Evolutionary significance of gene expression divergence

Abstract

Recent large-scale studies of evolutionary changes in gene expression among mammalian species have led to the proposal that gene expression divergence may be neutral with respect to organismic fitness. Here, we employ a comparative analysis of mammalian gene sequence divergence and gene expression divergence to test the hypothesis that the evolution of gene expression is predominantly neutral. Two models of neutral gene expression evolution are considered: 1-purely neutral evolution (i.e., no selective constraint) of gene expression levels and patterns and 2-neutral evolution accompanied by selective constraint. With respect to purely neutral evolution, levels of change in gene expression between human-mouse orthologs are correlated with levels of gene sequence divergence that are determined largely by purifying selection. In contrast, evolutionary changes of tissue-specific gene expression profiles do not show such a correlation with sequence divergence. However, divergence of both gene expression levels and profiles are significantly lower for orthologous human-mouse gene pairs than for pairs of randomly chosen human and mouse genes. These data clearly point to the action of selective constraint on gene expression divergence and are inconsistent with the purely neutral model; however, there is likely to be a neutral component in evolution of gene expression, particularly, in tissues where the expression of a given gene is low and functionally irrelevant. The model of neutral evolution with selective constraint predicts a regular, clock-like accumulation of gene expression divergence. However, relative rate tests of the divergence among human-mouse-rat orthologous gene sets reveal clock-like evolution for gene sequence divergence, and to a lesser extent for gene expression level divergence, but not for the divergence of tissue-specific gene expression profiles.

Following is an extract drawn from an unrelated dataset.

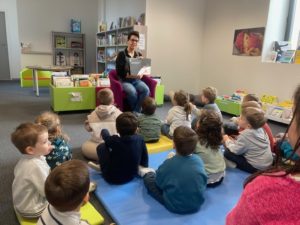Vendredi 30 janvier, nous nous sommes rendus à la bibliothèque de Jans où nous étions attendus par l’animatrice qui nous a lu de jolies histoires.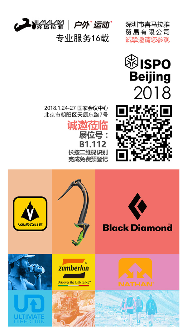 1月24日至27日ISPO Beijing 2018亚洲运动用品与时尚展中,深圳市喜马拉雅贸易有限公司将携旗下代理品牌和众多新品参展,展位号B1.112。

Taken together, these results indicate that gene expression divergence is subject to the effects of purifying selective constraint and suggest that it might also be substantially influenced by positive Darwinian selection.

Fig. 1

Comparison between human and mouse orthologous protein sequence divergence and gene expression levels. 9059 pairs of human–mouse orthologs were compared. (a) Human–mouse ortholog pair expression levels plotted against human–mouse ortholog protein distances. (b) Relative differences between human–mouse expression levels plotted against human–mouse ortholog protein distances. For (a) and (b), average expression values are shown for eight bins of ascending protein distances. Spearman rank correlations (R) and P-values for the correlations are shown. (c) Cumulative frequency distributions of the relative expression level differences for human–mouse orthologs (black line) and for 10,000 randomly chosen human–mouse gene pairs.

Fig. 2

Comparison between human and mouse orthologous gene expression profile divergence and gene sequence divergence. (a) Euclidean distances between human–mouse orthologous tissue-specific gene expression profiles plotted against human–mouse ortholog protein distances. Average expression values are shown for eight bins of ascending protein distances. The Spearman rank correlation (R) and P-value for the correlation are shown. (b) Cumulative frequency distributions are shown for the gene expression profile Euclidean distances between human–mouse orthologs (black line) and between 10,000 randomly chosen human–mouse gene pairs (gray line).

Fig. 3

Schematic of the relative rates test for gene sequence and gene expression divergence. The neutral model predicts a constant ratio of divergence within (W) and between (B) the two phylogenetic partitions. Expressed in terms of phylogenetic branch lengths, the null hypothesis of the test is constant (bM+bR)/bH.

Fig. 4

Results of the relative rates test for gene sequence and gene expression divergence. 1427 sets of human–mouse–rat orthologs were compared. (a) Within (bM+bR) against between (bH) partition nucleotide divergence. Nucleotide divergence is measured as the Jukes–Cantor distance (Jukes and Cantor, 1969). (b) Within (bM+bR) against between (bH) partition expression level divergence. Expression level divergence is measured as the absolute difference between the species-specific relative gene expression levels. (c) Within (bM+bR) against between (bH) partition gene expression profile divergence. Tissue-specific gene expression profile divergence is measured as the Euclidean distance between orthologous vectors of tissue-specific expression values. For all plots, Pearson correlation coefficients (r) and P-values for the correlations are shown.